Saliva mempunyai sejumlah fungsi penting, antara lain memudahkan kita
menelan, mempertahankan kelembaban mulut, bekerja sebagai pelarut molekul yang
merangsang indera pengecap, membantu proses bicara dengan memudahkan
pergerakan bibir dan lidah, dan mempertahankan kebersihan mulut dan gigi. Saliva
juga mempunyai daya antibakteri, dan penderita defisiensi salivasi (xerostomia)
mempunyai insidens karies gigi yang lebih tinggi daripada normal. Sistem dapar
saliva membantu mempertahankan pH mulut sekitar 7,0. Sistem ini juga membantu
menetralkan asam lambung dan menghilangkan nyeri ulu hati (heartburn) bila getah
lambung mengalami regurgitasi ke dalam esophagus [1].

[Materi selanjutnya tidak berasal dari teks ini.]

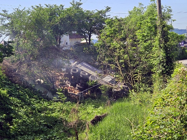 전남 화순서 24t 하수청소차량 넘어져…2명 중상
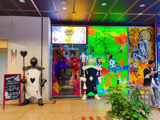 英国文学「不思議の国のアリス」のへんてこキュートなな世界観をベースにおもちゃ箱をひっくり返したようなカラフルな店内には、不思議の国の住人のモチーフも至るところに散りばめられアリスの世界をイメージして作られたイタリアンをベースとする創作メニューとオリジナルドリンクが来客をもてなします。 店内の装飾はもちろん、メニューも、店員さんの接客も『不思議の国のアリス』の世界観にこ セクション毎にテーマを変え、席種も多種多様。
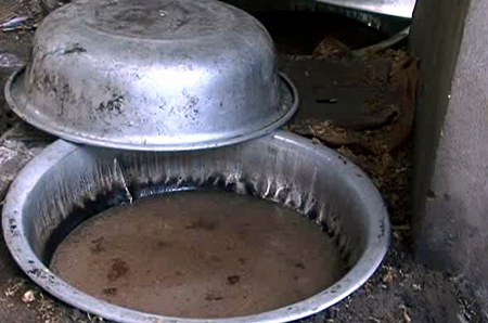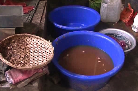| Nguyên liệu hành phi được đựng trong những xô, chậu cáu bẩn. Ảnh: Dân Trí |
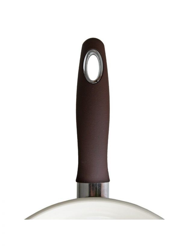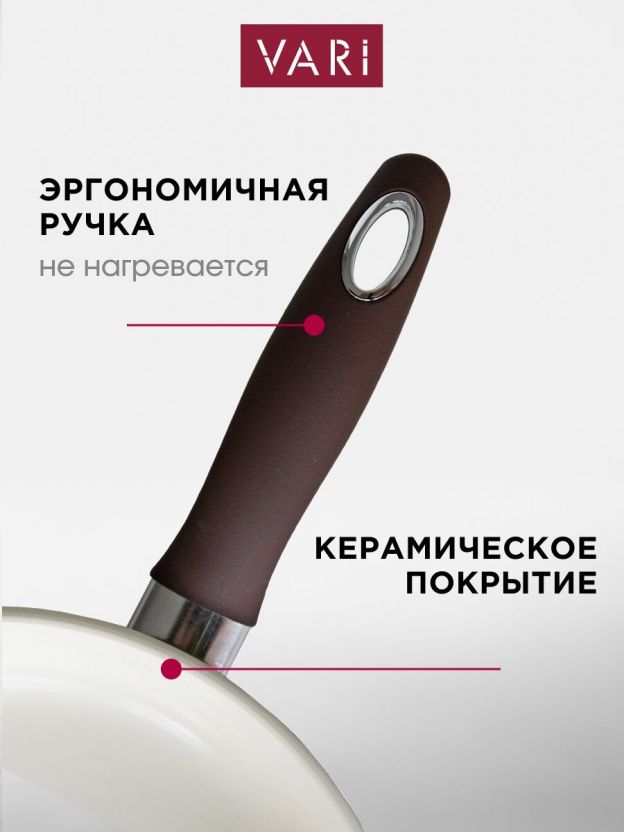 Чем отличается керамическая сковорода от классических моделей? Керамика экологична, не выделяет вредных веществ при нагреве, а толстое дно (6 мм) и борта (4,5 мм) позволяют использовать сковороду для жарки, тушения, запекания. Часто спрашивают: подходит ли эта сковорода для индукции? Нет, она совместима только с газовыми, электрическими и стеклокерамическими плитами. Для подарка эта сковорода — практичный выбор: стильный коричневый цвет, бренд Vari, гарантия 12 месяцев.
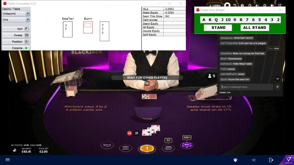 So, you can see from the screen that the player just had to enter the four cards dealt using the console which sits nicely on top of the casino. Very easy using the widget on the right. The drop down menus on the top left give the casino, and game. There is an option to split, which was available on 77 but not exercised as HIT was the better choice. Sweep is pressed when the dealer hand is complete. Postilion is pressed when the cutting card appears and a new shoe is due. Console should be green, showing a connection to the server. If this is lost, the program will revert to basic strategy! This button also allows the player to set the bankroll and the number of turns to miss when there is no advantage. Burn is important. It is used for cards taken by other people. Many games are single seat with multiple players and some people will split sevens and receive other cards which should be entered to get the most accurate plays. Currently the player is told to wait for other players, so there must have been some splitters, 5 it would seem. All very easy, and there is a manual if you get stuck

Kelenjar saliva yang utama adalah kelenjar parotis, submandibularis, dan
sublingualis, selain itu juga ada beberapa kelenjar bukalis yang sangat kecil. Sekresi
saliva normal harian berkisar 800-1500 ml. Saliva mengandung dua tipe sekresi
protein yang utama : (1) Sekresi serosa yang mengandung ptialin (suatu α-amilase),
yang merupakan enzim untuk mencernakan karbohidrat, dan (2) Sekresi mucus yang
mengandung musin untuk tujuan perlindungan dan pelumasan. Kelenjar parotis
hampir seluruhnya menyekresi tipe serosa, sementara kelenjar submandibularis dan
sublingualis menyekresi mucus dan serosa. Kelenjar bukalis hanya menyekresi
mucus. Saliva mempunyai pH antara 6,0-7,0; suatu kisaran yang menguntungkan
untuk kerja pencernaan dari ptialin [1].
Tepung, suatu polimer glukosa, adalah karbohidrat utama dalam makanan.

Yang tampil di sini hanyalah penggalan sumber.